The novel has been adapted in Japan in the form of manga and 13 episode ONA series under the title Chocolate Underground (チョコレート・アンダーグラウンド, Chokorēto Andāguraundo).

==Plot==
The film is about a new political party called the "Good for You" (abbreviated as GFY) which comes into power and bans chocolate. Two kids named Smudger Moore and Huntley Hunter want to get their chocolate back. They begin by selling bootleg chocolate, and go on to join an underground resistance organization.

The film climaxes in a huge revolution where people take to the streets. They demand that chocolate be brought back, and that the government be overthrown.

It tells us about how they face ups and downs on their way.

==Media==
===Book===
Bootleg was first published as a book written by Alex Shearer and is published by Macmillan Children's Books on 4 July 2003.

===TV series===
The adaptation, commissioned by BBC was made into a three-part series and was first broadcast in the United Kingdom and later in Australia.

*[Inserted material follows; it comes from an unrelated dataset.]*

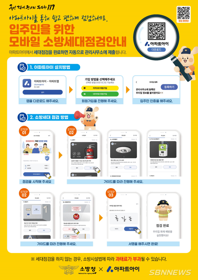 모바일 점검은 ‘아파트아이(Apt-eye)’ 앱을 설치한 뒤 ▲입주민 인증 ▲세대점검 메뉴 선택 ▲소화기·감지기·피난기구 등 항목별 안내에 따라 점검 ▲제출하기 순으로 진행된다.
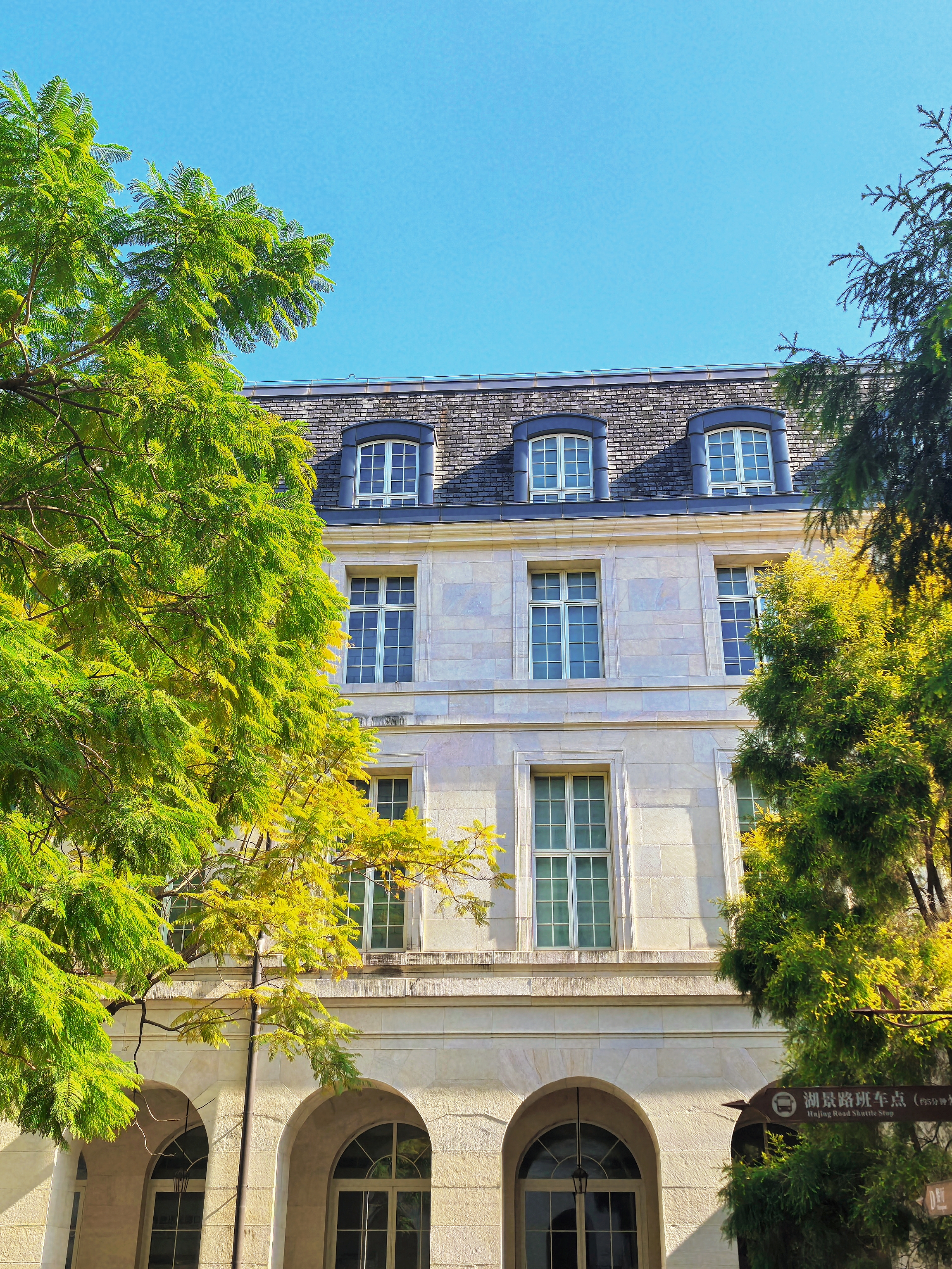 夜幕降临,从窗户透出的灯光倒映在湖面上,就好像有一个镜中世界藏于这湖水之下。路边的街灯也纷纷亮起,昏黄的灯光映照着周围的藤蔓,也照亮了人们前行的路,在这昏暗的环境中给人们带来了一丝安心。钟楼亮起,明月高悬,深蓝的夜空也被照亮,让这座“宫殿”化为一座“不夜城”。离园区很远处,路过的行人也能留意到这一片区域的美丽和独特。

It has won a British Academy of Film and Television Arts Award for Best Children's Drama, with the screenplay written by Paul Smith.

====Cast====
- Martin Jarvis
- Steven Geller
- Gemma Jones
- Louise Siversen as Mrs Spring
- Tim Robertson as Prime Minister Tom Turner
- Damien Bodie as Frankie Crawley
- Tony Rickards as Fishy Brian

===Manga===
The manga adaptation was done by Japanese manga artist, Aiji Yamakawa. It was serialized in Shueisha's shōjo monthly manga magazine, Bessatsu Margaret from its 2nd issue and ended on the 15th issue of the magazine in the year 2008.

It has only one volume and was released in October 2008.

===Anime===
The anime adaptation of the manga is written by Kiyoko Yoshimura and animated by Production I.G with original character designs provided by Aiji Yamakawa. voice actor Fumie Mizusawa and Toshiyuki Toyonaga voices the main characters, Smudger Moore and Huntley Hunter respectively and Japanese singer, Maaya Sakamoto voicing Carol Hunter.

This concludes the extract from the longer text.